ちなみに、【大人の社会科見学 その2】でEttore Sottsass、正確に言うとSottsassの最初の妻について少し触れているので、もしよければ併せて読んでいただければ、と思う。


次に、今回の展示の説明の意訳の要所をつけよう。

「タイガー立石」展では、1960年代後半から1970年代にかけて、立石がミラノ滞在中や旅行中に制作した絵画や論文を展示する。
このイタリア時代は、立石が「Tiger Pinxit」のサインを作品に入れ始めた時期であり、絵画的な観点から見ると、作家にとって最も多作な時期であった。また、最初の貴重なリトグラフを制作し、有名な「vignette」絵画を発展させた時期でもある。
1969年から1981年にかけて、日本に帰国するまでの間、シュルレアリスム、SF、コミックといった立石の最大の情熱が集結した、現代のイメージやアイコンを万華鏡のように描いた作品を約100点制作した。

展示会案内より抜粋・意訳

では作品の紹介へ移ろう。
正直に言って、私の好みのスタイルではないため、すべての写真は撮っていないが、それでも7-8割がたの写真をご紹介したいと思う。

これが一番のお気に入り。
タイトルはわかりませんが、童話「ちびくろサンボ」を私には連想させました。あの話では虎はバターになったけれど、ここでは林檎?スイカ?から生まれてまた果実になるのかな、と。
Tea Pot 1
Tea Pot 2
Tea Pot 3
立石さんの作品が掲載された雑誌・書籍類
タイトル: Metamorphosis of Pisa, 1979
斜塔とDuomoがこんな姿に…。
Giuseppe Arcimboldoの人物画の建物版みたいに見えるのは私だけでしょうか?

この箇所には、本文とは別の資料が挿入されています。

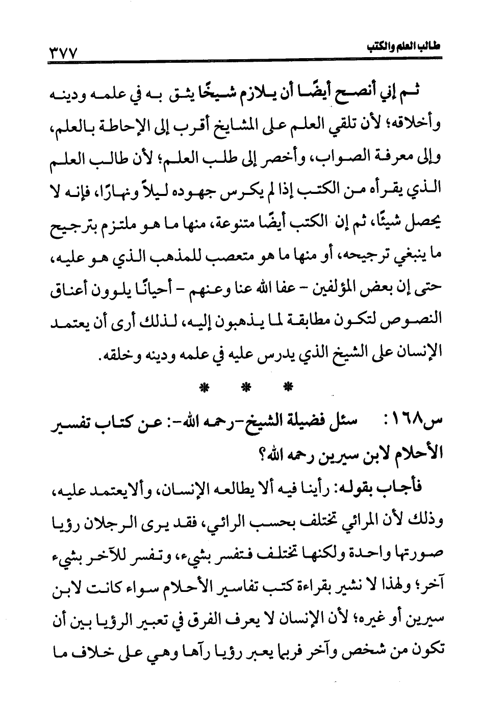 س 168: سئل فضيلة الشيخ- رحمه الله-: عن كتاب تفسير الأحلام لابن سيرين رحمه الله؟
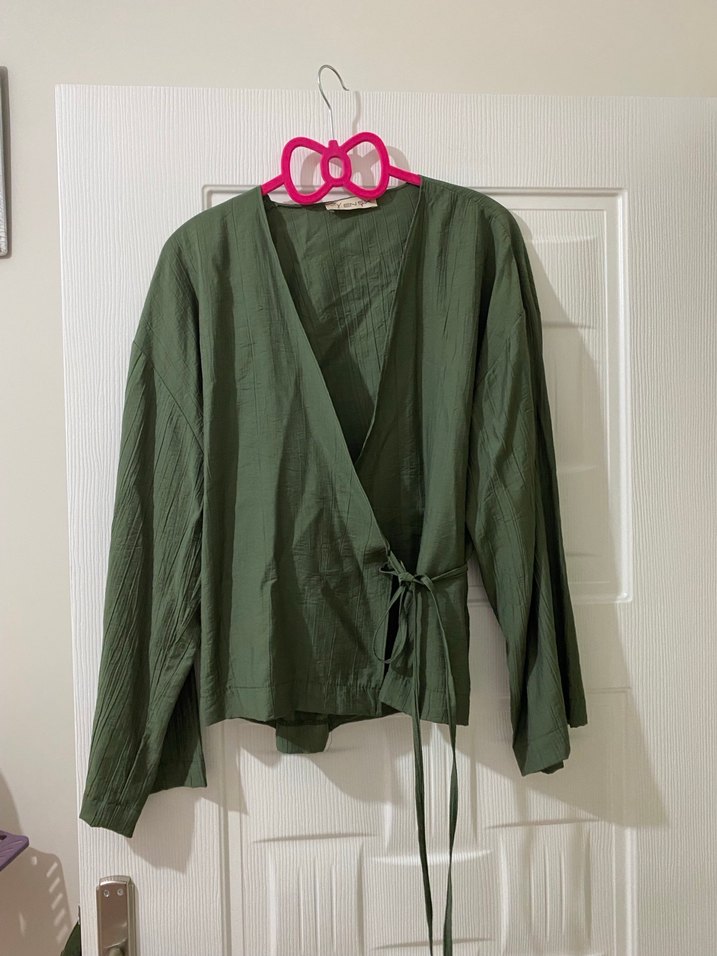 Uzun kollu, kemerli ve keten kumaştan yapılan bu yeşil kadın kimono, midi boyda ve rahat kesimdir. Minimalist tasarımı günlük sokak stiline uygundur.
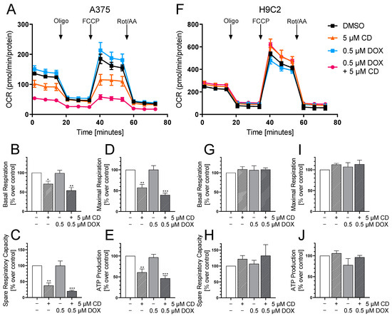 The effect of DOX and CD on mitochondrial respiration in A375 and H9C2 cells. (A–J): A375 and H9C2 cells were treated with 5 µM CD for 24 h with or without the addition of different concentrations of DOX for the last 4 h. After successive injection of oligomycin (Oligo), FCCP and rotenone/antimycin A (Rot/AA), the oxygen consumption rate (OCR) was measured using a Seahorse XF Analyzer. (A,F) A representative curve is depicted for A375 (A) and H9C2 cells (F). (B–E,G–J) Based on the OCR in response to the mitochondrial stressors, the parameters “Basal Respiration” (B,G), “Spare Respiratory Capacity” (C,H), “Maximal Respiration” (D,I) and “ATP Production” (E,J) were calculated for A375 (B–E) and H9C2 cells (G–J). The mock-treated control (DMSO) was set to 100%. The data represent means ± SEM, n ≥ 3. One-way ANOVA was used to determine statistical significance compared to the respective control. * p ≤ 0.05, ** p ≤ 0.01, *** p ≤ 0.001.
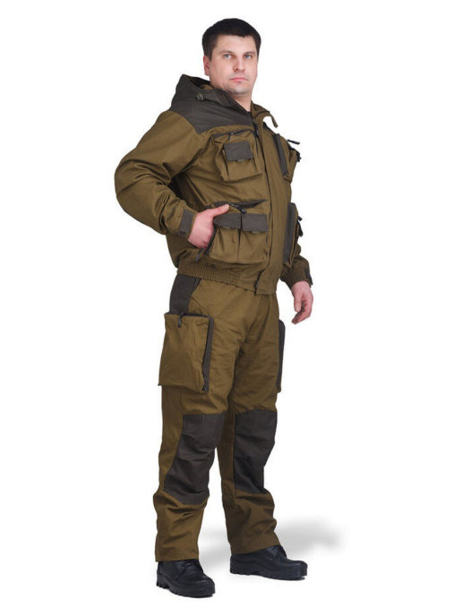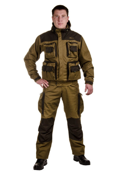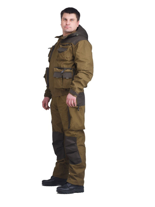 Костюм "Пайер" - практичный и надежный костюм для отдыха на природе, охоты и рыбалки. Костюм Пайер проектировался как ответ на запросы клиентов на качественный универсальный костюм. Состоит костюм из укороченной куртки и полукомбинезона. Анатомический крой позволяет легко и свободно двигаться. Куртка, благодаря обработке на поясной машинке, плотно прилегает по бедрам, не пропуская ни мошку, ни ветер. Бретели позволяют отрегулировать полукомбинезон по фигуре. В более теплую погоду спинку полукомбинезона можно отстегнуть. В костюме Payer можно разместить по карманам все необходимые мелочи: семнадцать карманов, в том числе шесть объемных и один внутренний для документов. Костюм изготавливается из надежных, проверенных временем хлопковых тканей: палатка и канвас. Эти 100% натуральные ткани прекрасно защищают от ветра, почти мгновенно сохнут, пропускают воздух (позволяя телу "дышать"). Места повышенного износа имеют дополнительное усиление мембранной тканью "Кошачий глаз", которая не пропус
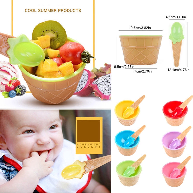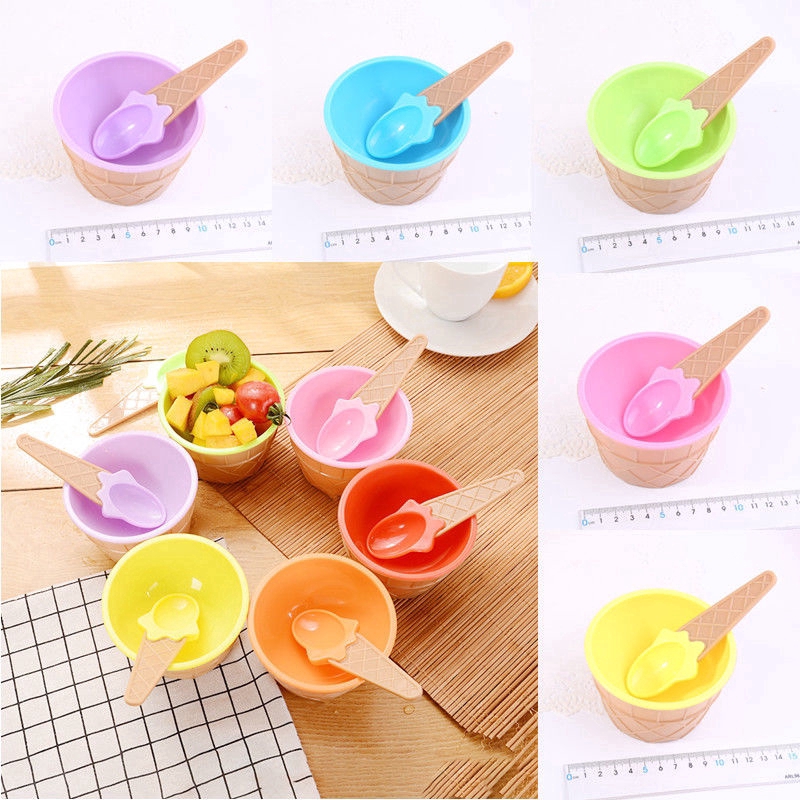 1Set New Kids Ice Cream Bowl Spoon Set Durable Children Gifts Lovely Dessert Bowl DIY Ice Cream Tools Icecream Bowl+spoon
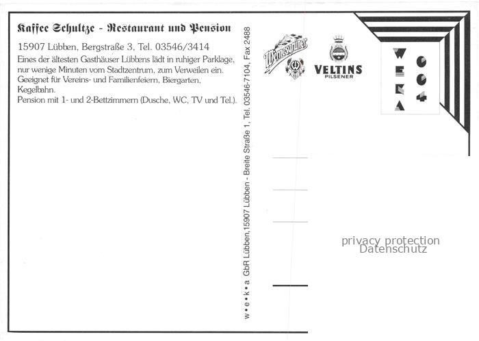 74027687 Luebben Spreewald Kaffee Schultze Restaurant Pension postalisch nicht gelaufen Erhaltung siehe scans [FriedD77] KatCode: 11110012061316
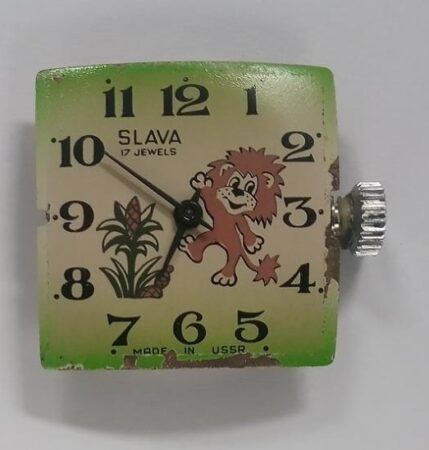 Mentions sur le cadran : 17 jewels (au-dessus de l’axe des aiguilles), made in ussr (à six heures)

Giuseppe Arcimboldo(1526年4月5日 - 1593年7月11日)
ミラノ出身の画家。マニエリスムを代表する画家の1人とされる。
静物画のように緻密に描かれた果物、野菜、動植物、本などを寄せ集めた、珍奇な肖像画の製作で世に知られる。

Wikipediaより
有名な作品の例①
「ウェルトゥムヌスに扮するルドルフ2世」(1590-91年)
有名な作品の例②
「司書」(1566年)


また少し脱線してしまったが、立石作品へ戻ろう。

やっぱり、虎が描かれている作品が私は好きです。
タイトル: Moon Landscape, 1973
これもタイトルがわからないけれど、4角形から16角形、そしてそれ以上になる過程で生み出される動きや影が興味深くて見入ってしまった。
これもタイトルが分からないけれど、オランダの建物が散り散りにぶった切られた感じ。
タイトル: Dimention Cutters, 1970
近景
タイトル: Mao's Ecstasy, 1970
タイトル: Tiger autoportrait, 1975
銀河鉄道999と立石さんの融合、みたいな感じ?
タイトル: Gabbage Moon, 1975
タイトル: Planet Blossom, 1969

作風は好き嫌いが分かれるとは思うが、光が十分に入る広々としたギャラリーで、一点一点じっくり見られる落ち着いた雰囲気で、個人的には訪れて正解だったと思っている。